Fig. 2 XRD patterns of (a) NCMOH and NCMOH–0.2Al, (b) NCM and Al-modified cathode materials, Rietveld refinement of (c) NCM, (d) NCM–0.1Al, (e) NCM–0.2Al, (f) NCM–0.3Al.

The crystal structure of NCM and NCM–0.2Al has been investigated by TEM and HRTEM for further, as shown in Fig. 3. The HRTEM image of NCM taken from the selected area in Fig. 3a displays an interplanar distance of 0.245 nm, which matches well with the (101) plane. Meanwhile, the interplanar distance of NCM–0.2Al is also about 0.245 nm (Fig. 3b). These results demonstrate that the Al-doped process hardly changes the crystal structure of the pristine materials.

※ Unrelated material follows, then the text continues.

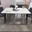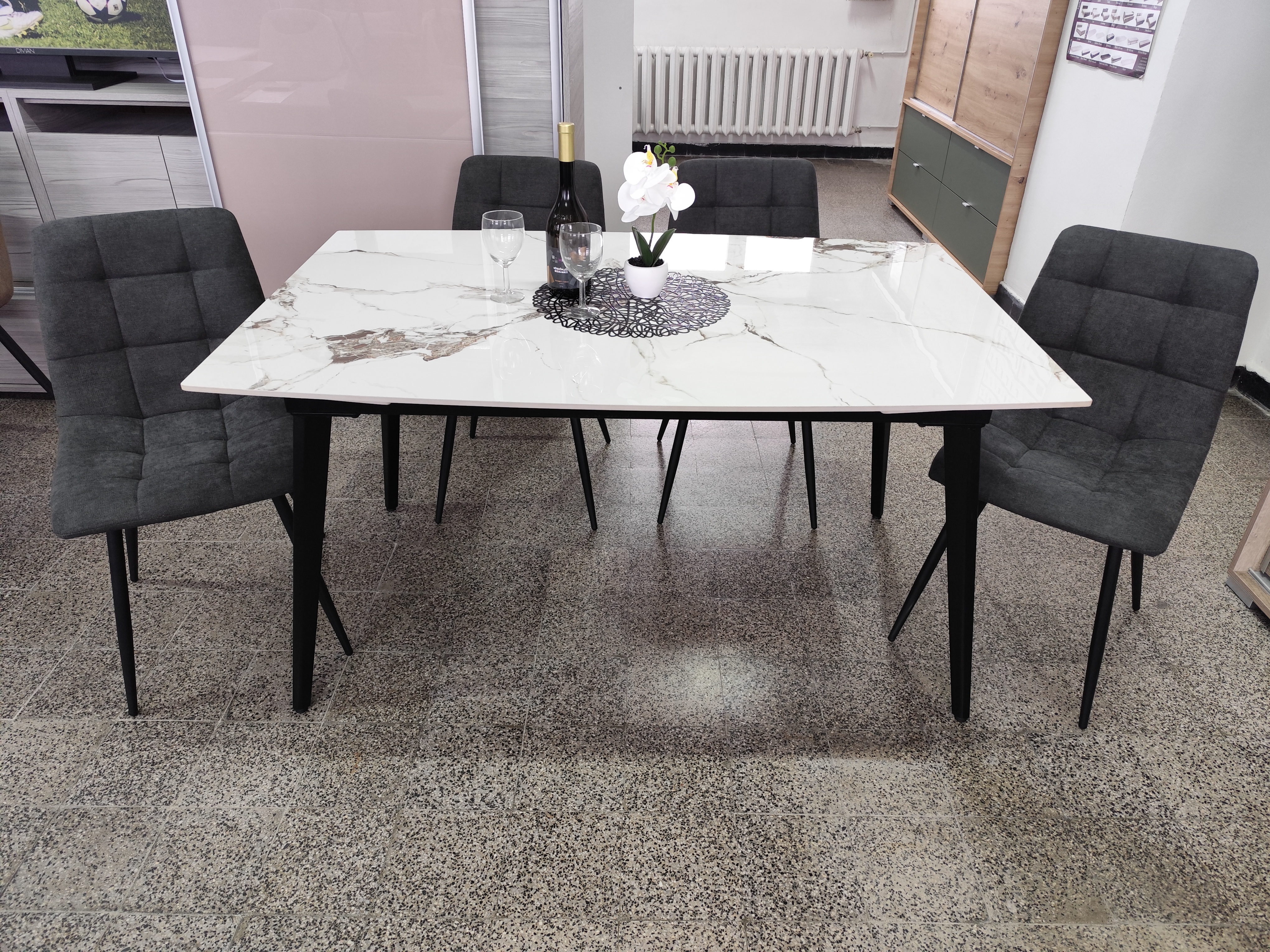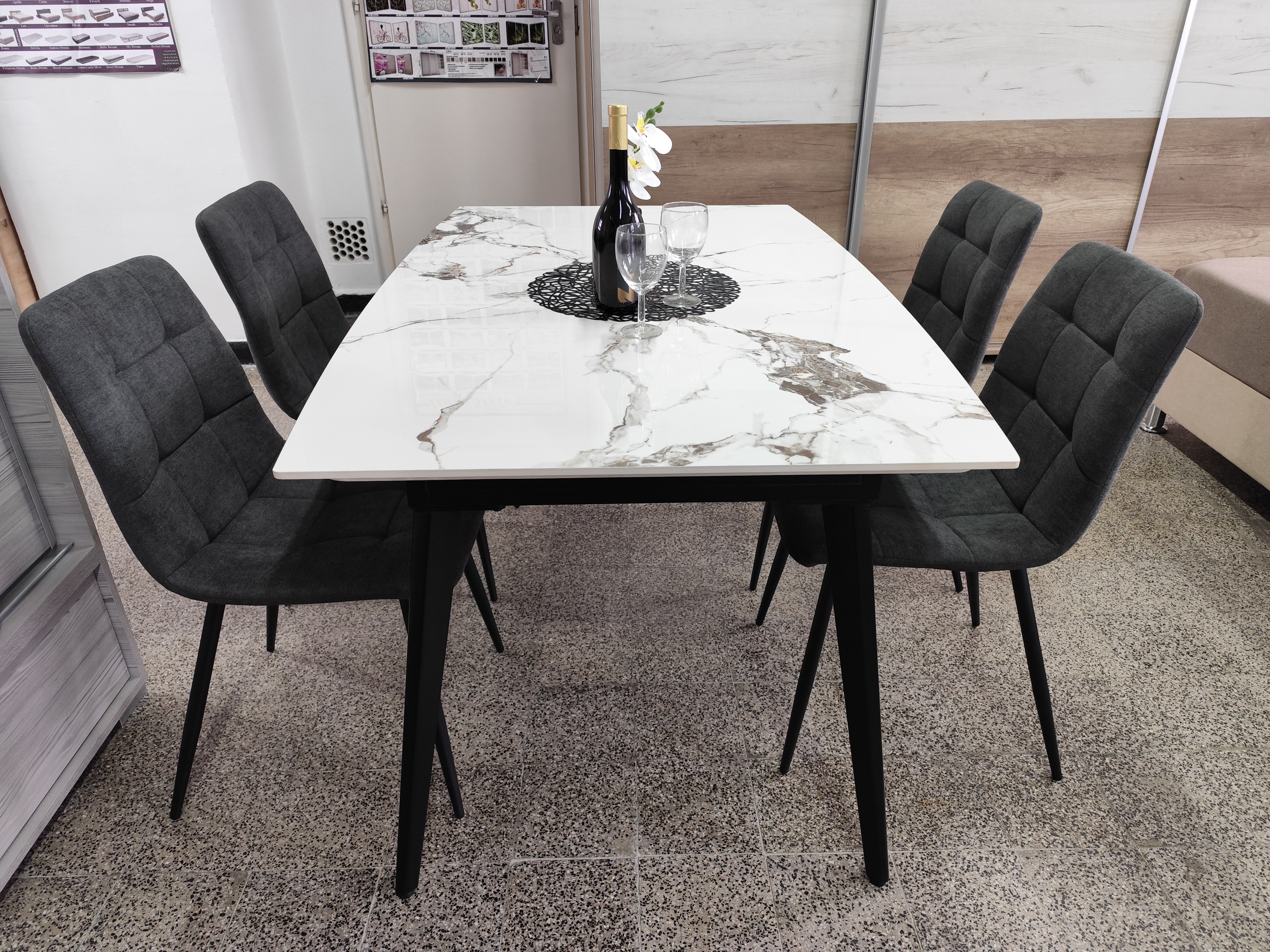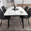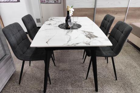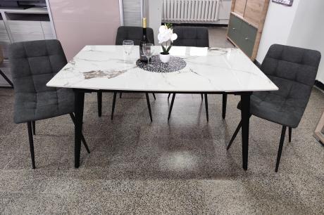 Az asztal 4 db Kamil székkel egészül ki, mely az aktuális trendeknek megfelelő megjelenésével ideális döntés a modern stílusjegyeket magukon viselő otthonokba. Fekete porfestett fém lábával, szürke színű kárpitozásával kiválóan passzol a márvány asztalhoz. Az étkezőgarnitúra ideális választás azoknak, akik az időtálló és egyben stílusos darabokat részesítik előnyben.

Fig. 3 The TEM and corresponding HRTEM images of (a) NCM and (b) NCM–0.2Al.

In order to further verify the effect of Al-doping, XPS was performed to investigate the chemical states and surface valence of NCM and NCM–0.2Al. As shown in Fig. S1,† the reduced ratio of Ni²⁺/Ni³⁺ of NCM–0.2Al is beneficial to diminish the cation mixing and stabilize the structure of the materials. Meanwhile, the reduced oxygen defects of NCM–0.2Al materials effectively enhanced the structural stability.²³ The similar Co 2p and Mn 2p spectra for NCM and NCM–0.2Al indicate that there is no valence change of Co and Mn element after Al-doping.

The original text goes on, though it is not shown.